> **Instructions for the task**
Extract the full listing verbatim and drop any pictures from your copy.

> **Information shown**
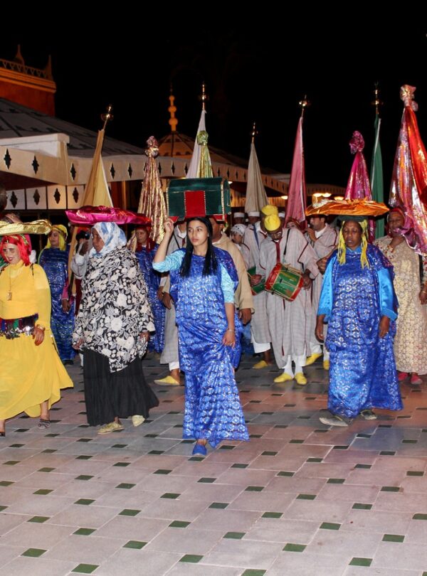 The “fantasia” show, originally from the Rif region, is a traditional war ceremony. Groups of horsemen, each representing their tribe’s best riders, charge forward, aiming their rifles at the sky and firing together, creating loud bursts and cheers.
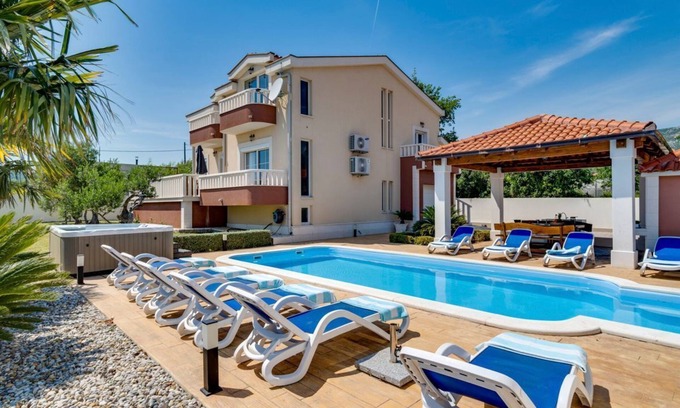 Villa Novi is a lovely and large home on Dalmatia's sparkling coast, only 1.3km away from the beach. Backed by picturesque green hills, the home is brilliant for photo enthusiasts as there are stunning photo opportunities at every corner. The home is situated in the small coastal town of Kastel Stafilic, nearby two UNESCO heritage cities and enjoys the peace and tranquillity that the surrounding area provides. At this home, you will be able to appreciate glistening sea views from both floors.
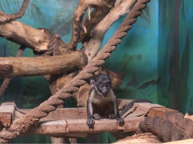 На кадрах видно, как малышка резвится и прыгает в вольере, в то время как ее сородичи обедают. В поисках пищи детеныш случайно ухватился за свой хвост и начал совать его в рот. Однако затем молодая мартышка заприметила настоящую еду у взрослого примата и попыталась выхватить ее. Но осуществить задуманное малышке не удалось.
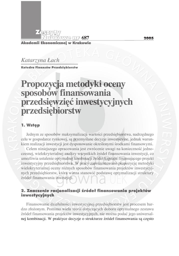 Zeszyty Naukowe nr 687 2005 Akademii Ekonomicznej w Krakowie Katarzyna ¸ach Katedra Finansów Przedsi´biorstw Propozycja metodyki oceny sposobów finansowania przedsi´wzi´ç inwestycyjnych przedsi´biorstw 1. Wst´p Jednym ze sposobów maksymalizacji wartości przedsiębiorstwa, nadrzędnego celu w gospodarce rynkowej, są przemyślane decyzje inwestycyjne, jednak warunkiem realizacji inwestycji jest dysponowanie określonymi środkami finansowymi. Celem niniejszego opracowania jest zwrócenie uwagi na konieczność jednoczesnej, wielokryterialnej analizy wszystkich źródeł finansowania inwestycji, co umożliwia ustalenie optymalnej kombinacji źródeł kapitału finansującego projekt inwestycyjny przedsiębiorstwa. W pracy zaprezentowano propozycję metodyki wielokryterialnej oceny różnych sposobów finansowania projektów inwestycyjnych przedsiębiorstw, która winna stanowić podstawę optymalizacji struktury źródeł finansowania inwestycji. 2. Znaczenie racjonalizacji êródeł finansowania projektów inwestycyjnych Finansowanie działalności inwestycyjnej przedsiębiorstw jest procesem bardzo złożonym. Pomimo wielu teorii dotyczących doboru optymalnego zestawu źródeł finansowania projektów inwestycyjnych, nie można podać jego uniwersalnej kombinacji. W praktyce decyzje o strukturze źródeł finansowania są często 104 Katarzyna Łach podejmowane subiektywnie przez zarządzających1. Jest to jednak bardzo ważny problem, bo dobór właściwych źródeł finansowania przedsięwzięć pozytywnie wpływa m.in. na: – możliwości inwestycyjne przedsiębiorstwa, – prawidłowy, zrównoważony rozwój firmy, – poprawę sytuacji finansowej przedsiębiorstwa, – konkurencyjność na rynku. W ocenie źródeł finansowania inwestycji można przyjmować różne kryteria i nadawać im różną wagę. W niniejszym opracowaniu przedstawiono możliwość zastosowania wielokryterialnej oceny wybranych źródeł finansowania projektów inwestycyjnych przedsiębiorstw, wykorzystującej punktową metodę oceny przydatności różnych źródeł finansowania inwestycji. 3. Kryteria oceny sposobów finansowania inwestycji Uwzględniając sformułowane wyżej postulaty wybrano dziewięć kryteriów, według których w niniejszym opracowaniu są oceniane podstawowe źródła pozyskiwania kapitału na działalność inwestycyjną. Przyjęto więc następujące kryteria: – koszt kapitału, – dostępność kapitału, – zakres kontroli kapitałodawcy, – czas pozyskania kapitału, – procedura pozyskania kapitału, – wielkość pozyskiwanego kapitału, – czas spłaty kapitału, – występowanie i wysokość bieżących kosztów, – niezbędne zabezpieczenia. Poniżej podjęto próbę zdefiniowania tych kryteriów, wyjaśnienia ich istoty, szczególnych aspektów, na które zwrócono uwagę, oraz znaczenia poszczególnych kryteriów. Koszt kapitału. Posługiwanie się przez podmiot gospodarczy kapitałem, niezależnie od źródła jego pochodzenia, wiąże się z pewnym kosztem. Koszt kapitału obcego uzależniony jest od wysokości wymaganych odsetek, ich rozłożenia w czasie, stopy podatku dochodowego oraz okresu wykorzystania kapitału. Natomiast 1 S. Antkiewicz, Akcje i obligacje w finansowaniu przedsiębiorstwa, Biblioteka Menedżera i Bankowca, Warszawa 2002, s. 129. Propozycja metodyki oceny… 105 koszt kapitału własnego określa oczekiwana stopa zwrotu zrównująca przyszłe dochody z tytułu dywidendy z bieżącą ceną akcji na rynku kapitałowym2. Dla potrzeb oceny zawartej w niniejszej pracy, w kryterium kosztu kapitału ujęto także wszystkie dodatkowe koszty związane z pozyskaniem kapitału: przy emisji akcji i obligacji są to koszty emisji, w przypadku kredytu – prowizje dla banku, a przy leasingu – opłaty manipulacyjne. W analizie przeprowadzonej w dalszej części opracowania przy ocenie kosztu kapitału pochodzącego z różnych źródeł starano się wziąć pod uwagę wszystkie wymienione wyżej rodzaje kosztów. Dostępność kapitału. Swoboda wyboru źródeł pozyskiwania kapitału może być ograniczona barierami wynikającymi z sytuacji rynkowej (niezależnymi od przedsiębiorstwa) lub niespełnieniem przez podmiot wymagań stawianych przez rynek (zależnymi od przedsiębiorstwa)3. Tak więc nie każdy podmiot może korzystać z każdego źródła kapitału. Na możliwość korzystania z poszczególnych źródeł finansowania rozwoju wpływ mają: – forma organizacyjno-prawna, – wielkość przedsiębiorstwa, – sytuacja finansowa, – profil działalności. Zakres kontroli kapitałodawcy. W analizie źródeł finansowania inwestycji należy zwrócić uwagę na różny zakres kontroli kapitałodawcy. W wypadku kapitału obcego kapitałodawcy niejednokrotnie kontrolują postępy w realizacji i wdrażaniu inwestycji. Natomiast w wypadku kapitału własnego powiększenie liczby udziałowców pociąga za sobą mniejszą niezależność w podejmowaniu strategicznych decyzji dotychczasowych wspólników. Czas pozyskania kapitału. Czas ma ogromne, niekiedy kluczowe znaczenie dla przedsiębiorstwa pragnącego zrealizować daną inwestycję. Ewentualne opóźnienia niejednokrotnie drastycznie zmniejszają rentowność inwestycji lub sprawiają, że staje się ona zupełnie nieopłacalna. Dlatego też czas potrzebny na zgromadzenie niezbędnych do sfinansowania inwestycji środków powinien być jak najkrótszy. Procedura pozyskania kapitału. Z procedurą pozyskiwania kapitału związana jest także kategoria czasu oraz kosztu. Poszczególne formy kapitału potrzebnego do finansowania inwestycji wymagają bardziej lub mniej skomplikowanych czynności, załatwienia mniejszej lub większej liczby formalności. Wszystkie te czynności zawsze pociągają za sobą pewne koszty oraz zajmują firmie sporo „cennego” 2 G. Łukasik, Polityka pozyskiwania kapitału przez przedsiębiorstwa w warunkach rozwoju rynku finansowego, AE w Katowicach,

> **Expected answer**
 The “fantasia” show, originally from the Rif region, is a traditional war ceremony. Groups of horsemen, each representing their tribe’s best riders, charge forward, aiming their rifles at the sky and firing together, creating loud bursts and cheers.
 Villa Novi is a lovely and large home on Dalmatia's sparkling coast, only 1.3km away from the beach. Backed by picturesque green hills, the home is brilliant for photo enthusiasts as there are stunning photo opportunities at every corner. The home is situated in the small coastal town of Kastel Stafilic, nearby two UNESCO heritage cities and enjoys the peace and tranquillity that the surrounding area provides. At this home, you will be able to appreciate glistening sea views from both floors.
 На кадрах видно, как малышка резвится и прыгает в вольере, в то время как ее сородичи обедают. В поисках пищи детеныш случайно ухватился за свой хвост и начал совать его в рот. Однако затем молодая мартышка заприметила настоящую еду у взрослого примата и попыталась выхватить ее. Но осуществить задуманное малышке не удалось.
 Zeszyty Naukowe nr 687 2005 Akademii Ekonomicznej w Krakowie Katarzyna ¸ach Katedra Finansów Przedsi´biorstw Propozycja metodyki oceny sposobów finansowania przedsi´wzi´ç inwestycyjnych przedsi´biorstw 1. Wst´p Jednym ze sposobów maksymalizacji wartości przedsiębiorstwa, nadrzędnego celu w gospodarce rynkowej, są przemyślane decyzje inwestycyjne, jednak warunkiem realizacji inwestycji jest dysponowanie określonymi środkami finansowymi. Celem niniejszego opracowania jest zwrócenie uwagi na konieczność jednoczesnej, wielokryterialnej analizy wszystkich źródeł finansowania inwestycji, co umożliwia ustalenie optymalnej kombinacji źródeł kapitału finansującego projekt inwestycyjny przedsiębiorstwa. W pracy zaprezentowano propozycję metodyki wielokryterialnej oceny różnych sposobów finansowania projektów inwestycyjnych przedsiębiorstw, która winna stanowić podstawę optymalizacji struktury źródeł finansowania inwestycji. 2. Znaczenie racjonalizacji êródeł finansowania projektów inwestycyjnych Finansowanie działalności inwestycyjnej przedsiębiorstw jest procesem bardzo złożonym. Pomimo wielu teorii dotyczących doboru optymalnego zestawu źródeł finansowania projektów inwestycyjnych, nie można podać jego uniwersalnej kombinacji. W praktyce decyzje o strukturze źródeł finansowania są często 104 Katarzyna Łach podejmowane subiektywnie przez zarządzających1. Jest to jednak bardzo ważny problem, bo dobór właściwych źródeł finansowania przedsięwzięć pozytywnie wpływa m.in. na: – możliwości inwestycyjne przedsiębiorstwa, – prawidłowy, zrównoważony rozwój firmy, – poprawę sytuacji finansowej przedsiębiorstwa, – konkurencyjność na rynku. W ocenie źródeł finansowania inwestycji można przyjmować różne kryteria i nadawać im różną wagę. W niniejszym opracowaniu przedstawiono możliwość zastosowania wielokryterialnej oceny wybranych źródeł finansowania projektów inwestycyjnych przedsiębiorstw, wykorzystującej punktową metodę oceny przydatności różnych źródeł finansowania inwestycji. 3. Kryteria oceny sposobów finansowania inwestycji Uwzględniając sformułowane wyżej postulaty wybrano dziewięć kryteriów, według których w niniejszym opracowaniu są oceniane podstawowe źródła pozyskiwania kapitału na działalność inwestycyjną. Przyjęto więc następujące kryteria: – koszt kapitału, – dostępność kapitału, – zakres kontroli kapitałodawcy, – czas pozyskania kapitału, – procedura pozyskania kapitału, – wielkość pozyskiwanego kapitału, – czas spłaty kapitału, – występowanie i wysokość bieżących kosztów, – niezbędne zabezpieczenia. Poniżej podjęto próbę zdefiniowania tych kryteriów, wyjaśnienia ich istoty, szczególnych aspektów, na które zwrócono uwagę, oraz znaczenia poszczególnych kryteriów. Koszt kapitału. Posługiwanie się przez podmiot gospodarczy kapitałem, niezależnie od źródła jego pochodzenia, wiąże się z pewnym kosztem. Koszt kapitału obcego uzależniony jest od wysokości wymaganych odsetek, ich rozłożenia w czasie, stopy podatku dochodowego oraz okresu wykorzystania kapitału. Natomiast 1 S. Antkiewicz, Akcje i obligacje w finansowaniu przedsiębiorstwa, Biblioteka Menedżera i Bankowca, Warszawa 2002, s. 129. Propozycja metodyki oceny… 105 koszt kapitału własnego określa oczekiwana stopa zwrotu zrównująca przyszłe dochody z tytułu dywidendy z bieżącą ceną akcji na rynku kapitałowym2. Dla potrzeb oceny zawartej w niniejszej pracy, w kryterium kosztu kapitału ujęto także wszystkie dodatkowe koszty związane z pozyskaniem kapitału: przy emisji akcji i obligacji są to koszty emisji, w przypadku kredytu – prowizje dla banku, a przy leasingu – opłaty manipulacyjne. W analizie przeprowadzonej w dalszej części opracowania przy ocenie kosztu kapitału pochodzącego z różnych źródeł starano się wziąć pod uwagę wszystkie wymienione wyżej rodzaje kosztów. Dostępność kapitału. Swoboda wyboru źródeł pozyskiwania kapitału może być ograniczona barierami wynikającymi z sytuacji rynkowej (niezależnymi od przedsiębiorstwa) lub niespełnieniem przez podmiot wymagań stawianych przez rynek (zależnymi od przedsiębiorstwa)3. Tak więc nie każdy podmiot może korzystać z każdego źródła kapitału. Na możliwość korzystania z poszczególnych źródeł finansowania rozwoju wpływ mają: – forma organizacyjno-prawna, – wielkość przedsiębiorstwa, – sytuacja finansowa, – profil działalności. Zakres kontroli kapitałodawcy. W analizie źródeł finansowania inwestycji należy zwrócić uwagę na różny zakres kontroli kapitałodawcy. W wypadku kapitału obcego kapitałodawcy niejednokrotnie kontrolują postępy w realizacji i wdrażaniu inwestycji. Natomiast w wypadku kapitału własnego powiększenie liczby udziałowców pociąga za sobą mniejszą niezależność w podejmowaniu strategicznych decyzji dotychczasowych wspólników. Czas pozyskania kapitału. Czas ma ogromne, niekiedy kluczowe znaczenie dla przedsiębiorstwa pragnącego zrealizować daną inwestycję. Ewentualne opóźnienia niejednokrotnie drastycznie zmniejszają rentowność inwestycji lub sprawiają, że staje się ona zupełnie nieopłacalna. Dlatego też czas potrzebny na zgromadzenie niezbędnych do sfinansowania inwestycji środków powinien być jak najkrótszy. Procedura pozyskania kapitału. Z procedurą pozyskiwania kapitału związana jest także kategoria czasu oraz kosztu. Poszczególne formy kapitału potrzebnego do finansowania inwestycji wymagają bardziej lub mniej skomplikowanych czynności, załatwienia mniejszej lub większej liczby formalności. Wszystkie te czynności zawsze pociągają za sobą pewne koszty oraz zajmują firmie sporo „cennego” 2 G. Łukasik, Polityka pozyskiwania kapitału przez przedsiębiorstwa w warunkach rozwoju rynku finansowego, AE w Katowicach,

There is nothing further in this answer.